Intellectual Property

13. The business retains ownership of any data, information, or intellectual property disclosed in connection with this Agreement. This intellectual property may be used by either party in accordance with the license terms:

a. Intellectual property can be used in connection with the services, for the purpose for which products were originally purchased.
b. Proprietary items cannot be transferred, sold, or disposed of without written consent.
c. All copyright notices and other proprietary legends and all trademarks or service marks must be retained or reproduced on all copies of intellectual property.

Confidentiality

14. For purposes of this Contract, the term "Information" shall mean any information shared between the parties pursuant to this Agreement that is either:

a. Received in written form and marked "confidential"
b. Received verbally and declared in writing to be confidential within 30 days of disclosure

This information shall be maintained in confidence with the same degree of care each party would hold its own confidential information.

15. Information should only be used for tasks related to the Contract and disclosed to officers and employees directly relevant to these tasks. It should not be disclosed to third parties or used for other purposes.

16. All obligations related to the treatment of Information shall survive for a period of [Number] years after the termination of this Contract.

Termination

17. Either party can terminate this Contract without cause by giving [Number] days' notice to the other party in writing.

18. If either party breaches this Contract, the other may terminate the Contract if the breach is not remedied within [Number] days of written notice of the breach.

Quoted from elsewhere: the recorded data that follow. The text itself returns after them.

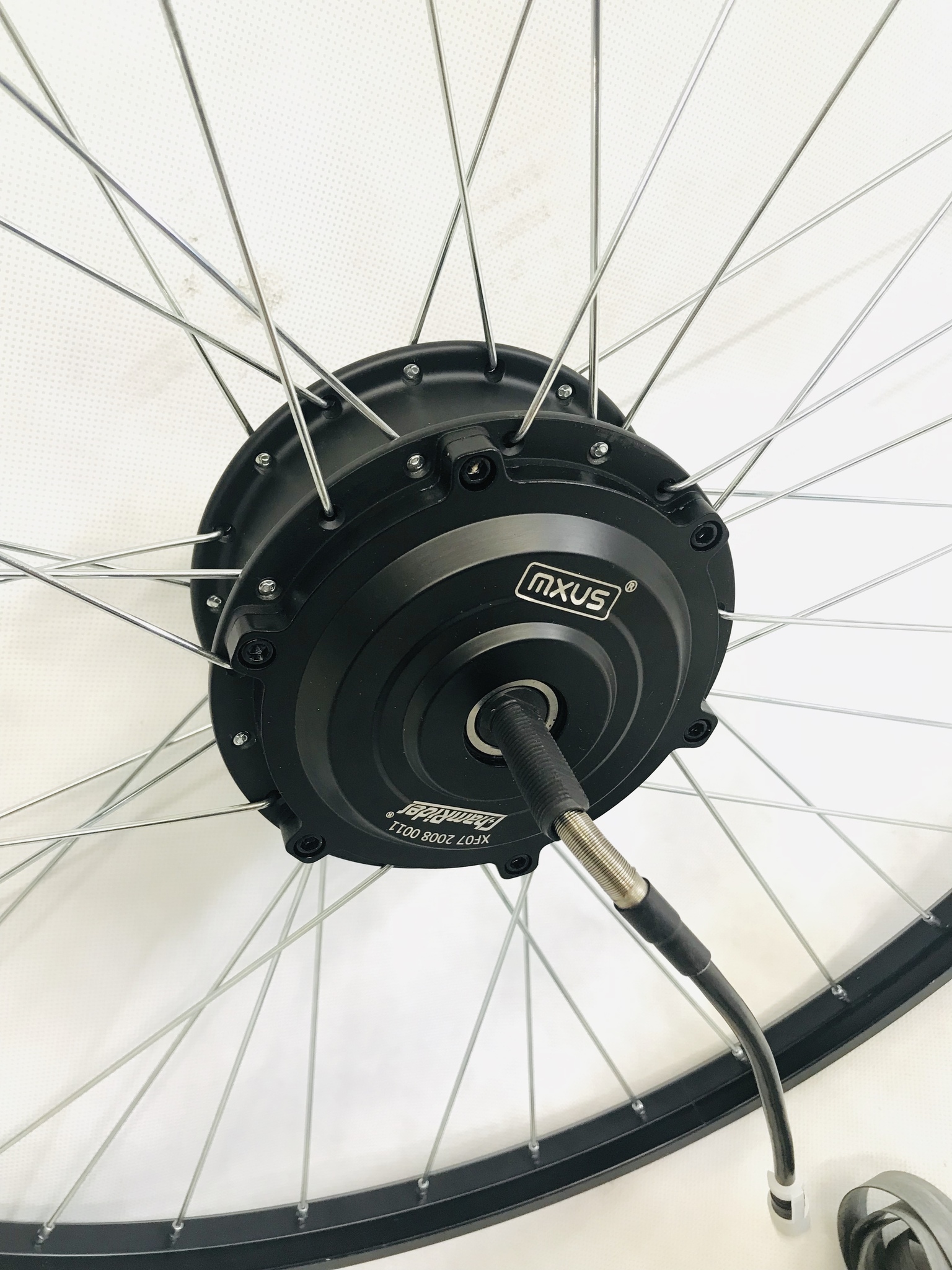 Мотор-колесо MXUS редукторного типа (не тормозит движение при езде как на обычном велосипеде)
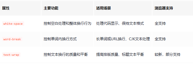 在网页设计中,文本内容的显示方式对可读性和整体视觉效果至关重要。CSS 提供了多个属性来控制文本的换行和空白处理,其中最常用的是 text-wrapwhite-space 和 word-break
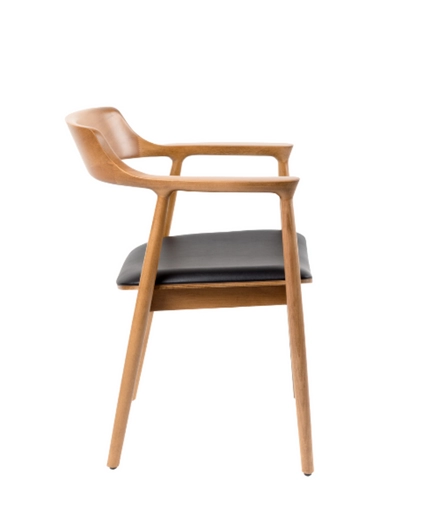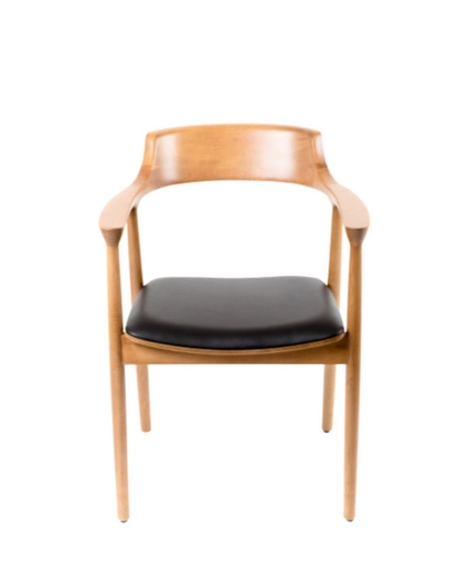 Gratuit pentru comenzile de peste 1000 lei.Scaun modern cu cotiere si picioare din lemn. Tapiteria este realizata din piele ecologica de inalta calitate. Cadrul din lemn se învârte în jurul spatelui și trece ușor de la cotiere la picioare. Scaunul larg oferă o potrivire confortabilă și confort.
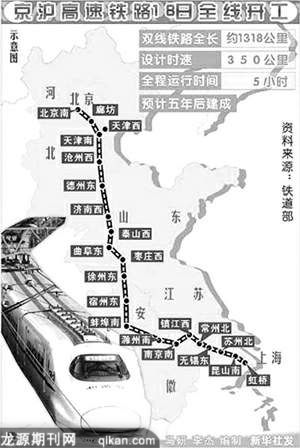 京沪高速铁路自北京南站至上海虹桥站,新建双线铁路全长1318公里,是世界上一次建成线路最长、标准最高的高速铁路,是新中国成立以来一次投资规模最大的建设项目。它贯穿北京、天津、河北、山东、安徽、江苏、上海七省市,连接环渤海和长江三角洲两大经济区,设计时速350公里,总投资2209.4亿元,总工期为5年左右。项目建成后,乘坐火车从北京至上海只需要5个小时。
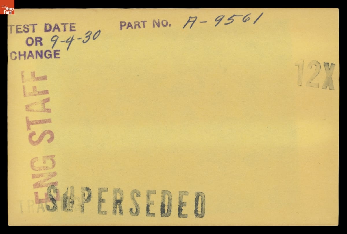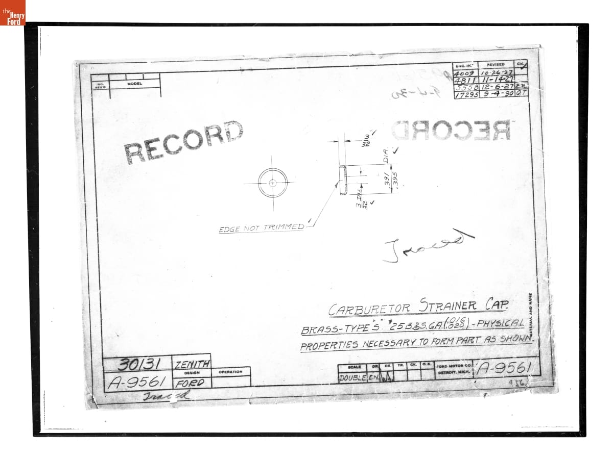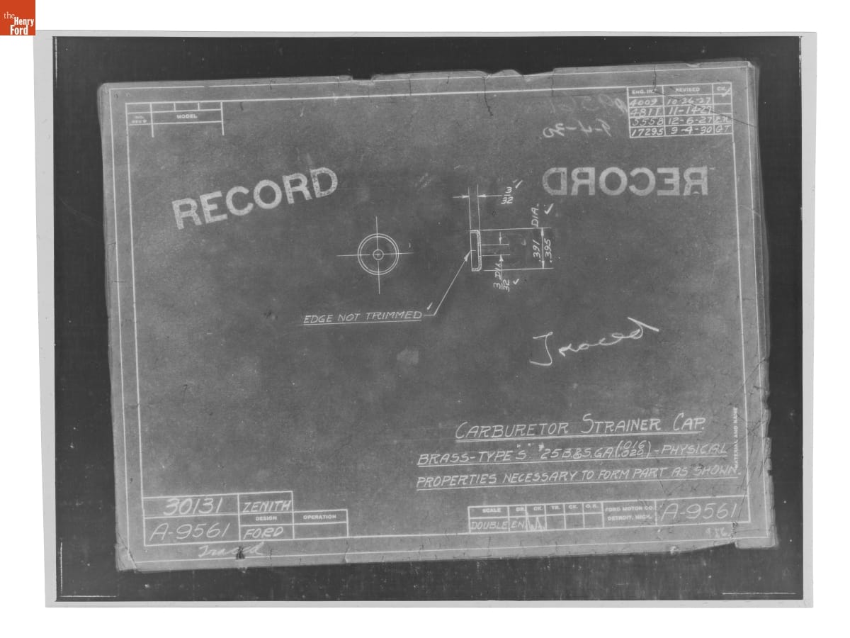 The Ford Motor Company created over a million parts drawings from 1903 to 1957. Many of these drawings specify engineering requirements for the components of Ford-made vehicles--including automobiles, trucks, tractors, military vehicles and Tri-motor airplanes. Others document assembly components, stages of casting and forging, or experimental designs. Beginning in the 1940s, Ford transferred the drawings to microfilm.
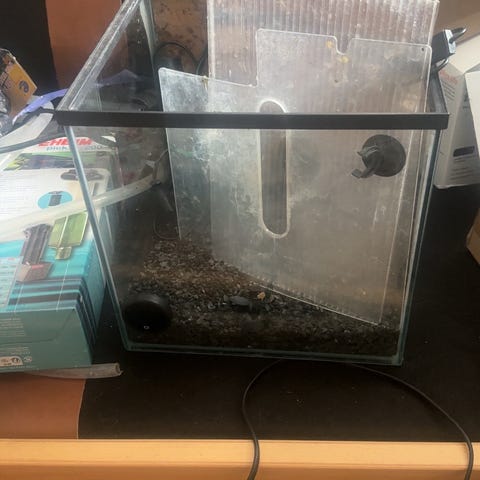 Glasakvarium med målene 36 cm i længden, 23 cm i bredden og 33 cm i højden. Akvariet er fremstillet i klart glas og har en kant med en mindre skade i hjørnet.
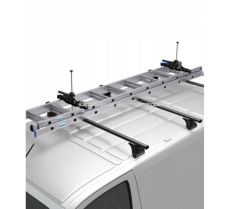 Zestaw uchwytów do mocowania drabin jedno- i wieloelementowych na bagażnikach samochodowych składający się z 2 zacisków do bezpiecznego mocowania drabiny oraz zamków do zabezpieczania przed kradzieżą.
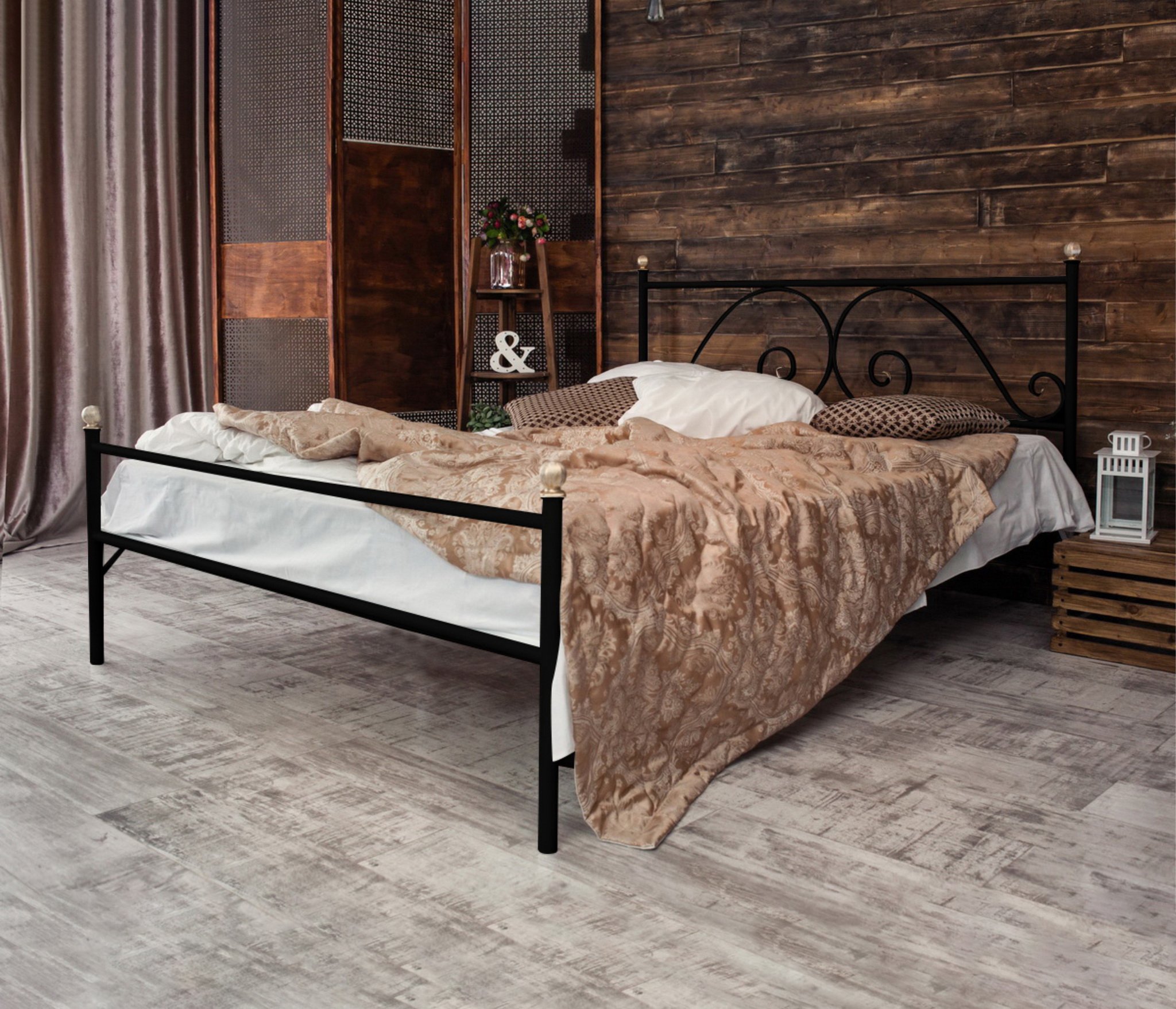 Кованая кровать Анталия 1.6 с одной спинкой (Черный)
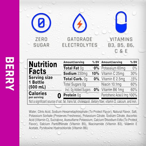 Includes 12 (16.9 fl oz) bottles of Propel Electrolyte Enhanced Water, Berry flavored water with Zero Calories, Zero Sugar, Electrolytes for Hydration, and Vitamins C & E

Termination shall by without prejudice to any rights accrued to either party before termination.

19. Neither party shall be held in breach if it cannot fulfill its obligations due to natural disasters or other causes reasonably beyond their control.

20. On the event of termination, all [products/work] provided must be paid for in full, so long as it meets standards of acceptability.

General Clauses

21. The term of this Agreement is for [Period] from the date of its execution or until the completion of all outlined professional activities, whichever is later.

22. Any notices permitted or required pursuant to this Contract are effective if made in writing and sent by postage prepaid, return receipt requested mail, or by overnight mail delivery. These notices should be sent to the addresses outlined above, unless other arrangements are made.

23. This Contract sets forth the entire agreement between [Name 1] and [Name 2] as to its subject matter.

24. This Contract's terms can only be amended in writing signed by both parties.

25. This Contract is construed in accordance with the laws of the State of [State].

IN WITNESS WHEREOF the parties have caused this Business Contract to be executed and delivered by their duly authorized representatives.

[Underlined Space for Signature 1] [Date]
[Name 1][Title]                                 Date

[Underlined Space for Signature 2] [Date]
[Name 1][Title]                                 Date


Any [GREEN] highlighted language is intended to be filled in by the user. Any [YELLOW] highlighted language is considered optional or conditional by the attorney community. Consult with an attorney before using this document. This document is not a substitute for legal advice or services. Refer to our Terms of Use for more details.

This form has been prepared for general informational purposes only. It does not constitute legal advice, advertising, a solicitation, or tax advice. Transmission of this form and the information contained herein is not intended to create, and receipt thereof does not constitute formation of, an attorney-client relationship. You should not rely upon this document or information for any purpose without seeking legal advice from an appropriately licensed attorney, including without limitation to review and provide advice on the terms of this form, the appropriate approvals required in connection with the transactions contemplated by this form, and any securities law and other legal issues contemplated by this form or the transactions contemplated by this form.